No specific timeline has been given for the next phase of BNSF construction at Sandpoint, which will include new dual crossovers being built northwest (railroad east) of the two big bridges, and a mile of second main track from the crossovers onward into Sandpoint. This new track will run past the historic Sandpoint depot to Sandpoint Jct., where BNSF’s Northern Corridor connects with what has been Montana Rail Link and will soon become BNSF’s MRL Subdivision.
Meanwhile, some 58 miles west of Sandpoint, initial work has begun for a second bridge over the Spokane River near Irvin, Wash. Preliminary grading was performed in 2020 for the approaches to the new bridge, which will eventually allow BNSF to install the last segment of second main track—between Irvin and Otis Orchards—to fully doubletrack its busy Spokane-Sandpoint corridor, which some refer to as “The Funnel.”
BNSF’s plans for a second Spokane River bridge officially emerged in 2004 and received environmental approval in 2006. At that time, the new bridge was part of a proposed regional concept known as Bridging the Valley (BTV), organized by local communities in cooperation with BNSF and Union Pacific (UP). BTV’s goal was to eliminate as many at-grade road/rail crossings as possible and replace them with bridges, in an area that is rapidly transitioning from rural into residential and commercial. Several of those bridges have already been built on both BNSF and UP, with more to follow.

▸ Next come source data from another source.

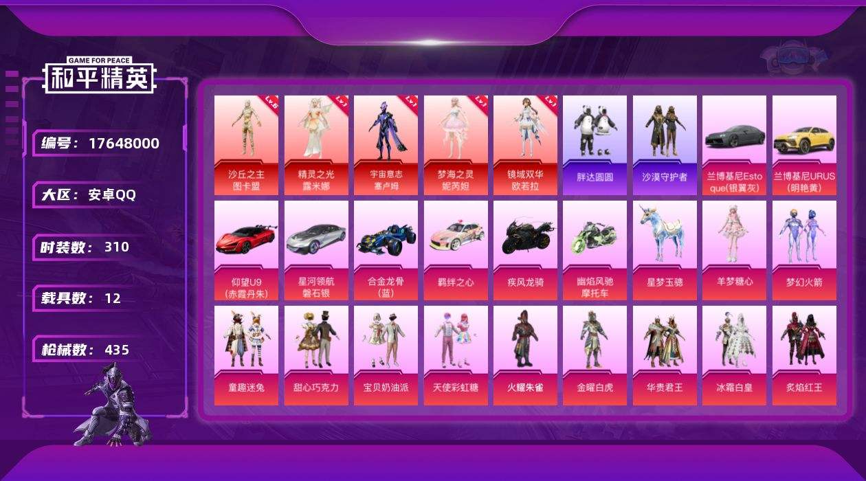 【557006】【可二次】【安卓QQ】合金龙骨蓝色 焰龙焚天 火耀朱雀 M416-五爪金龙 萌兔起飞 SCAR-机甲封神 MG3-洛神天依 甜心巧克力 兰博轿车灰色 M417射手步枪 华贵君王 兰博SUV黄色 银龙傲海 AKM-炫紫旋律 空客蔚蓝之翼 梦幻火箭 暗夜玫瑰 天使彩虹糖 金耀白虎 浪漫波比 宝贝奶油派 沙漠守护者 M24-星之信仰 AKM-甜心宝贝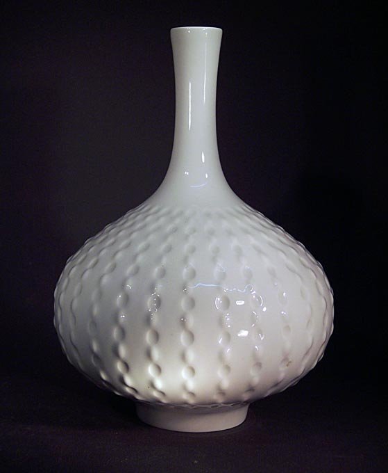Enghalsvase oder Kugelvase. Weises Porzellan mit Relief.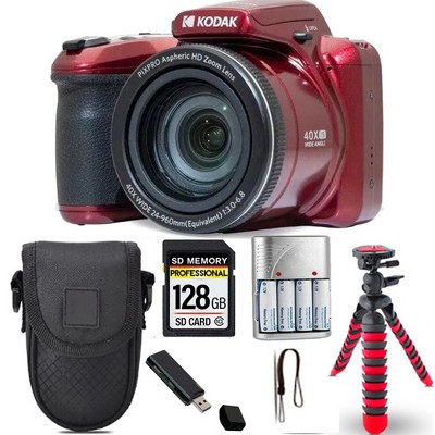 Kodak PIXPRO AZ425 Digital Camera (Red)+ Spider Tripod + Case - 128GB Kit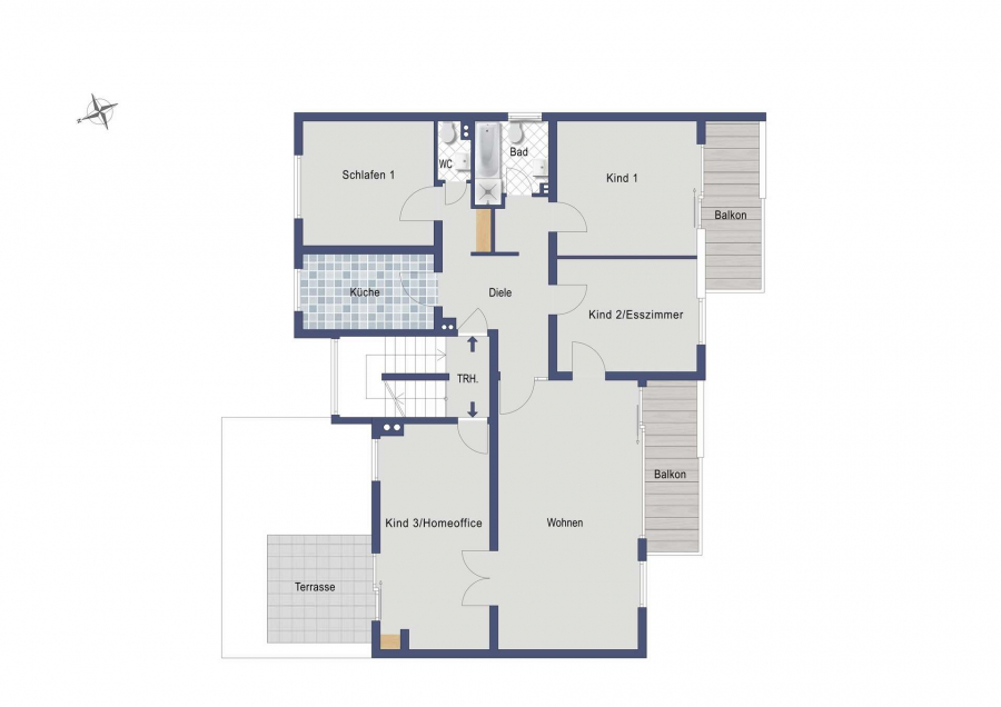 Des Weitern gelangt man von der Diele durch zwei jeweils keine Flure, die Platz für eine Garderobe und einen Einbauschrank bieten, in zwei große Schlafzimmer, wovon ein Raum über den zweiten tollen Südbalkon mit Fernblick verfügt. Neben dem nach Norden ausgerichteten Schlaf- oder Kinderzimmer befindet sich ein Gäste-WC und neben dem nach Süden ausgerichteten Schlafzimmer ein Tageslichtbad mit einer Dusche sowie einer Badewanne. Ein weiteres Schlaf- ,Kinderzimmer oder Homeoffice ist von der Diele zu erreichen, ebenso die Küche.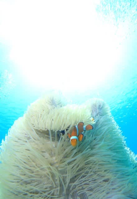 そうしてたどり着いた水中の世界には、ピンクぅ~なクマノミちゃんや もりもりのサンゴ山
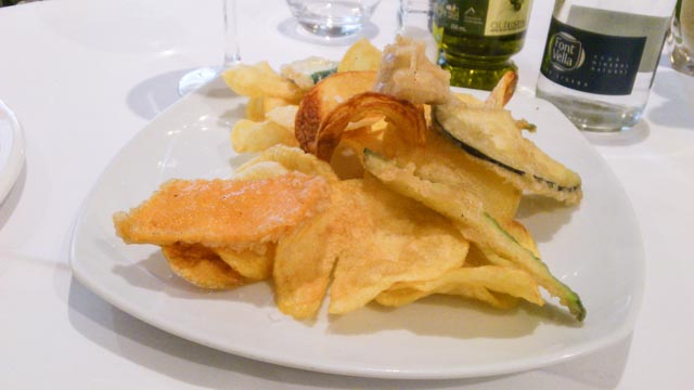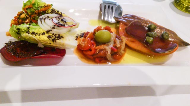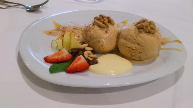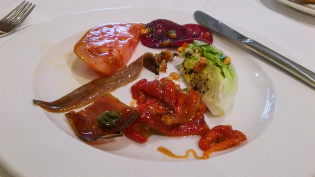 We opted for an appetizer salad that included anchovies, esgarraet, mojama, tomato and lettuce. Although meant for one, it was just perfect for two. For our main course we ordered a parrillada de pescado y mariscos for two. When it arrived at the table we were taken aback by the quantity of fish and shellfish on the serving plate. Filets of tuna, swordfish and monkfish had been cooked to perfection on the grill. The red shrimp, the squid, the sepia and the cigalas had also been grilled. As if that wasn’t enough there were also fried shrimp and fried calamari on the plate. The dish was served along with a bowl of potato chips that had been freshly fried and some tempura vegetables. In case you were wondering what the price for this seafood feast was, try 35 Euros. For dessert we split some ice cream. We finished our meal by chatting with the three sisters and when we left the restaurant it was a little after 5:00.

The most ambitious aspect of BTV called for the construction of a second main track—and even a third main track where necessary—to accommodate UP trains on the BNSF right-of-way between the Spokane Valley and Athol, Idaho. This was to be followed by the removal or downgrading to branch line status of UP’s main track between those points. Support for this joint BNSF/UP corridor ultimately dissolved, and UP continues using its existing line through the area.
In January, BNSF announced construction of the new Spokane River bridge and its associated second main track as part of its 2023 capital investments, but no details regarding the bridge’s cost, specifications, or projected completion date have been made public by BNSF. The existing 544-foot long Spokane River bridge that’s currently used by BNSF was completed in 1911 by Northern Pacific, replacing a previous bridge built in 1881.